I think the happy and light part in Swedish culture emanates from drinking songs. My guess would be that both Swedish and Finnish folk cultures have been influenced by German drinking songs and some sort of common tradition can be found even there. The Irish can also be very happy when they are drinking.

But Swedish 20th Century is filled with sad poets. Aniara, the space epic of Nobel laureate Harry Martinson from the 1950s is indeed about people who have lost touch with Earth permanently. The emptiness of that slow dying in outer space described in Swedish melancholy lines of poetry is a vivid picture of the ultimate homelessness. Martinson's suicide after many critics said he didn't deserve his Nobel Prize makes his poetry an even sadder reading than it already is.

I'd say there is a balance between the euphoria and celebration of Swedish schlager and pop tunes and the dark contintent of Swedish poetry where haunting, depressive visions follow one another.

stockholm slender said...

This is actually quite instructive - and largely news to me as I can only read poetry in Finnish or English. I have some fluency in written Swedish, but not to the degree that I could enjoy artistic text. I see the Swedish language as the Latin of Finnish history and an integral part of our national culture and heritage (being a patriot and not a nationalist), but it seems that I nevertheless share at least a part of the typical Finnish speaking Finn's prejudices as regards the "riks-Swedish" culture...

Perhaps on the same lines I have automatically joined the "imperial" nations, England and Sweden together as opposed to the "colonial" Ireland and Finland.

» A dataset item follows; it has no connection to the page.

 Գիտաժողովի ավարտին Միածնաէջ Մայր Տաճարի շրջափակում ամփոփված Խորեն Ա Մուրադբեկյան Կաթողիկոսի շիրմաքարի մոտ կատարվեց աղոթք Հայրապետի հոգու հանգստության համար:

With the Irish and Finnish mentalities I can find many similarities and as far as the Swedish culture shares strongly emotional, fatalistic and often anti-rational impulses, I would say that it has something in common with Ireland and Finland... (I realize that to say this includes quite a bit of stereotyping and there are other and contrary strands as well, but I would argue that the description nevertheless also captures something essential.)

Anonymous said...

Martinson's Aniara has been translated into Finnish by Aila Meriluoto. I think it's a fascinating translation and as there is some Karelia-related stuff in that space epic, I would underline that very Swedish book as showing qualities that are common to the Finnish modernists of the same period.

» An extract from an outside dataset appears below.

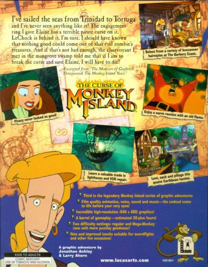 Quick - what has dozens of monkeys, ghost pirates galore and more insults than a cranky parrot? Why, The Curse of Monkey Island, of course! In this highly anticipated third installment to LucasArts' popular Monkey Island series of graphic adventures, Guybrush Threepwood once again takes up dull blade and rapier wit against the nefarious demon-pirate LeChuck. In Curse, Guybrush must save his one true love, Elaine Marley, from being turned into the evil pirate's zombie bride. But, hoping to marry Elaine himself, Guybrush unknowingly slips a cursed ring onto her finger that transforms her into a gold statue. He must then find a way to change Elaine back to her beautiful self and stop LeChuck from carrying out his sinister plans. Aye, 'tis a rollicking piratey adventure that's sure to challenge the mind and shiver a few timbers!

I really think the parallells between Finland, Sweden and Ireland are very interesting. It is this thing about emotions and haunting poetic longing and the common experience of emigration to America that makes me think of similarities between these three nations.

Another thought that came to my mind is the suicides of some Swedish male novelists and poets that has always made me wonder what their relation to the Japanese notion of honor is.

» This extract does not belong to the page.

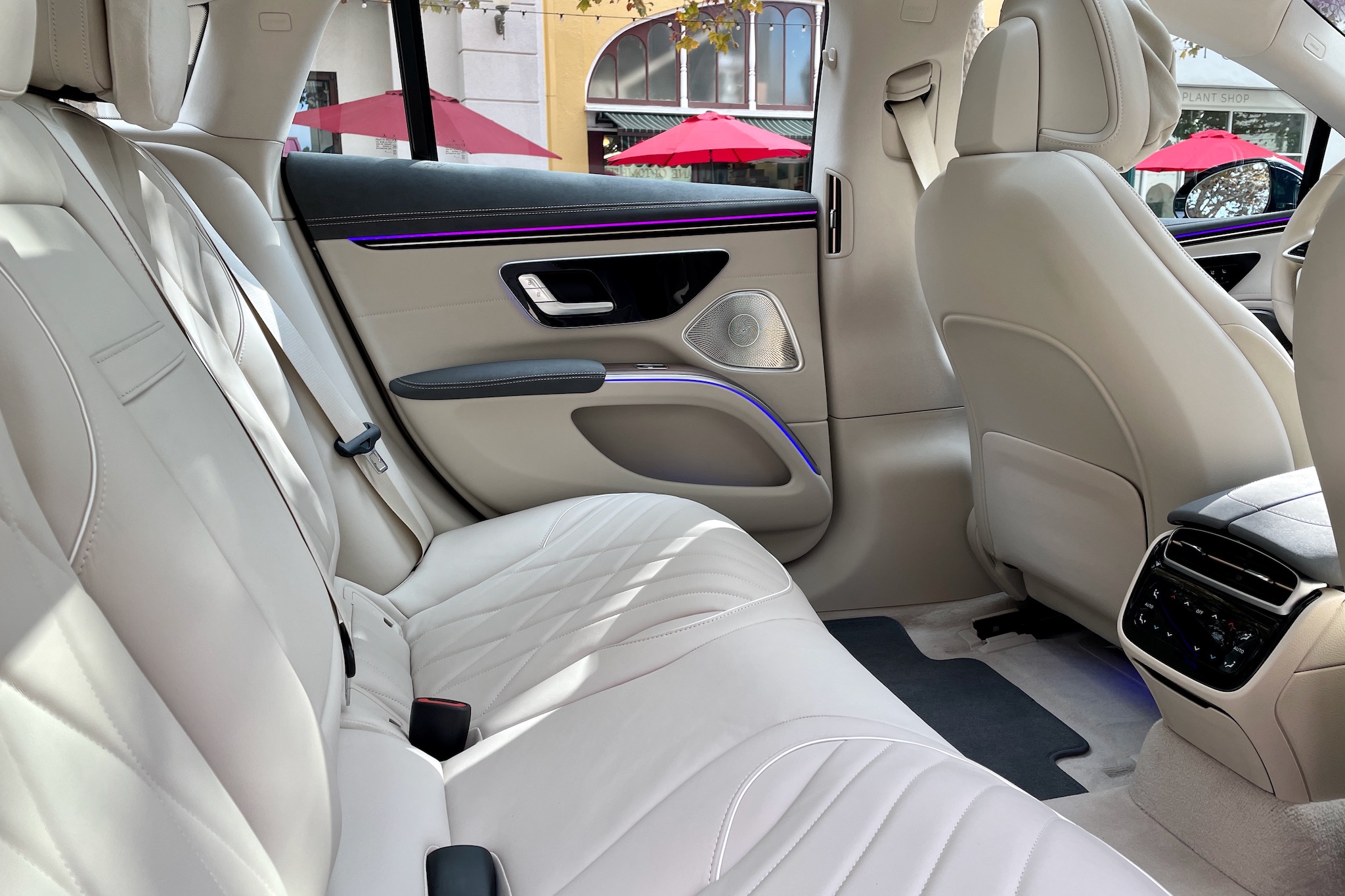 As an item, an EQS 580 with the white interior feels like what angels would drive if they didn’t have wings and heaven had roads. There’s a pure, perfect, and majestic quality to the cabin that you definitely do not get with the competing Tesla, Porsche, or Audi’s more machine-like cockpits. Pretty much everything is extremely well-thought-out to cater to your every whim.

The one thought that I thought in the Japan - Sweden suicide context is that whereas Yukio Mishima's and Yasunari Kawabata's suicides were well publicized in the 1970s, Martinson's harakiri at his hospital bed was so shocking that people generally wanted to keep quiet about it. Many Swedish authors had committed suicide before Martinson but I don't think in a Japanese way. Maybe the silence was about the guilt of the critics of the younger generation who had felt that the Nobel Prize had gone to another irrelevant old guy.